Advances in technology are seeing mobile devices become a key way in which businesses can boost their productivity and remain competitive in challenging times (as the infographic below illustrates). Mobile working gives businesses the flexibility and agility they need in a 24/7 economy and can even help to create business opportunities. For some, working away from the office is becoming the norm and it’s essential that they can work on the move and access their accounting software as easily as if they were in the office.

Research from IRIS Accounting & Business Solutions shows that three quarters of businesses now offer remote working to its employees, with 76 per cent claiming it makes their organisation more profitable and one in ten saying it gives them the edge over their competition.

The research of 140 business leaders shows that the benefits of remote working extend beyond efficiency and productivity. One in five businesses say that mobile devices allow them to provide customers with a better, more flexible service.

Trust issues amongst employers and staff regarding remote working are a thing of the past, as nearly all businesses asked (93 per cent) said they trust staff, and actually one in five found that it made staff up to 50 per cent more productive.

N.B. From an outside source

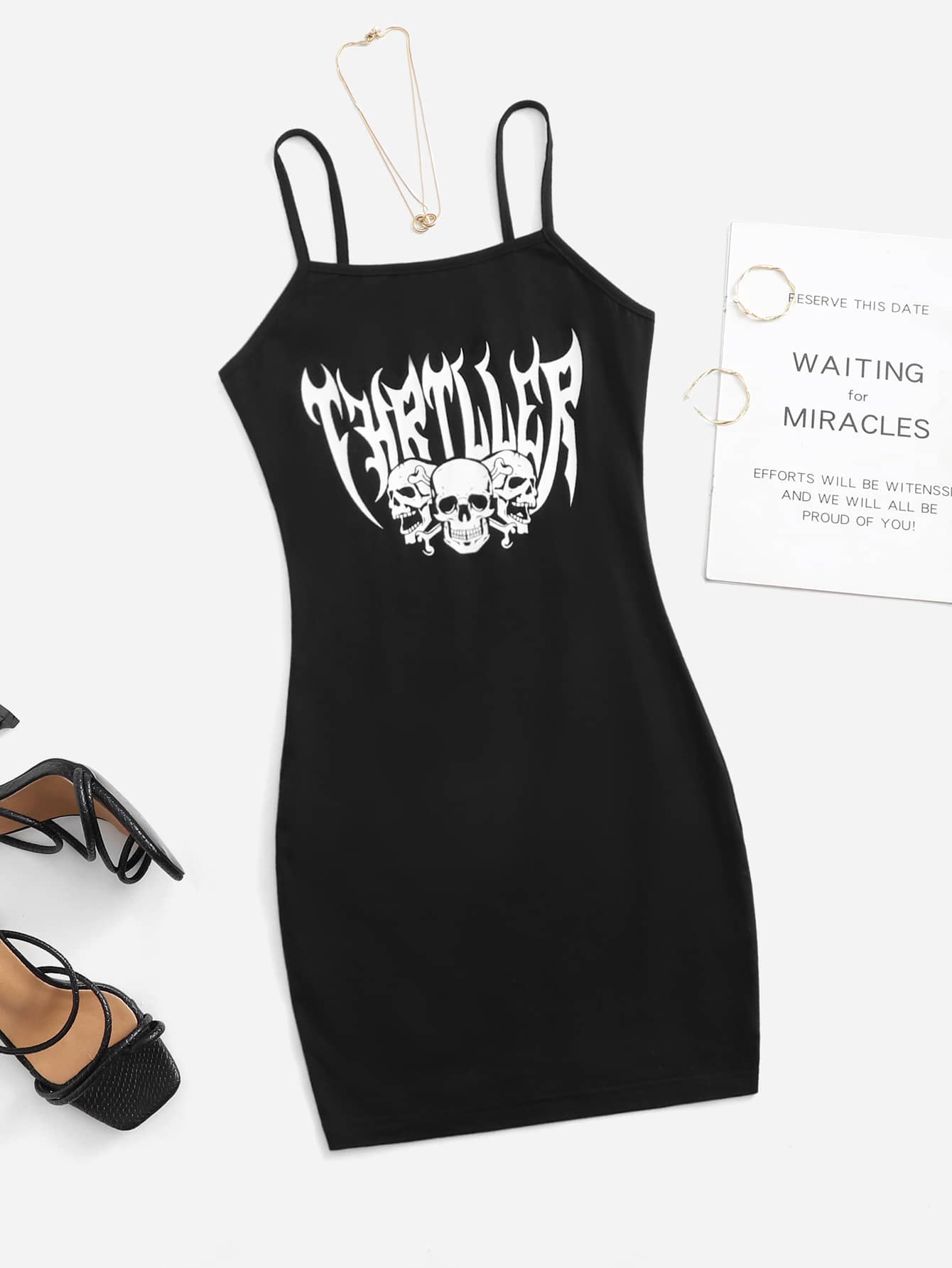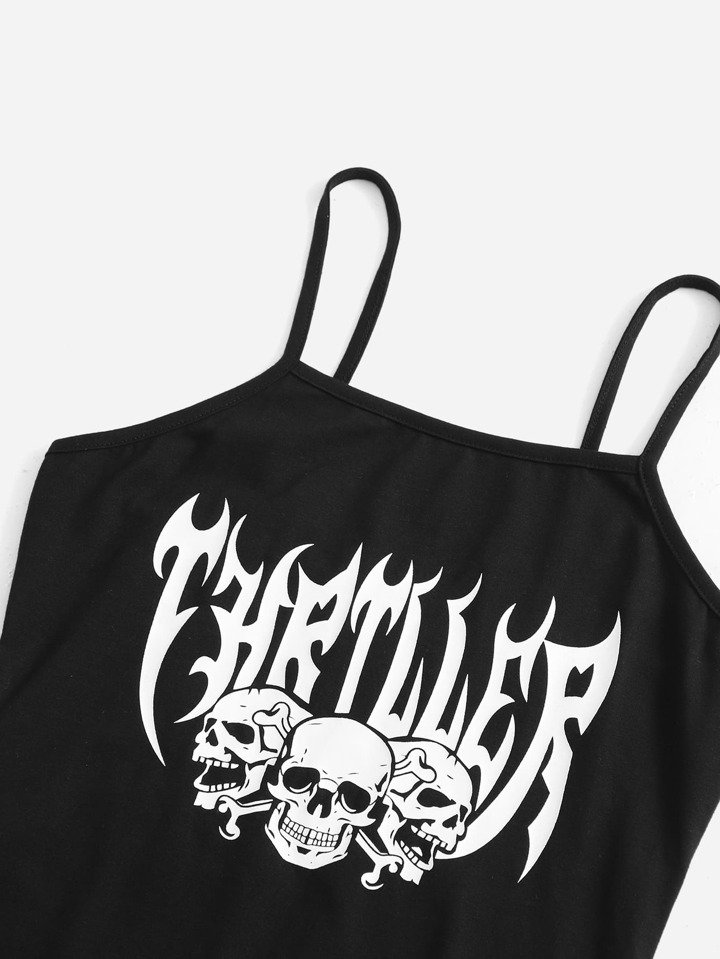 90s Letter & Skull Print Cami Dress

3 in 10 businesses say smartphones are the technology of choice for remote working. Emerging technologies are proving crucial in enabling staff to work remotely with 1 in 10 handing out tablets and 24 per cent providing workers with dongles. The move is a sign of the times as businesses embracing virtual offices becomes more popular.

We’re so used to using smartphones, apps and tablet devices in our personal life that it’s inevitable that this way of working is starting to become more widespread in business.  

Infographic courtesy of Vertic.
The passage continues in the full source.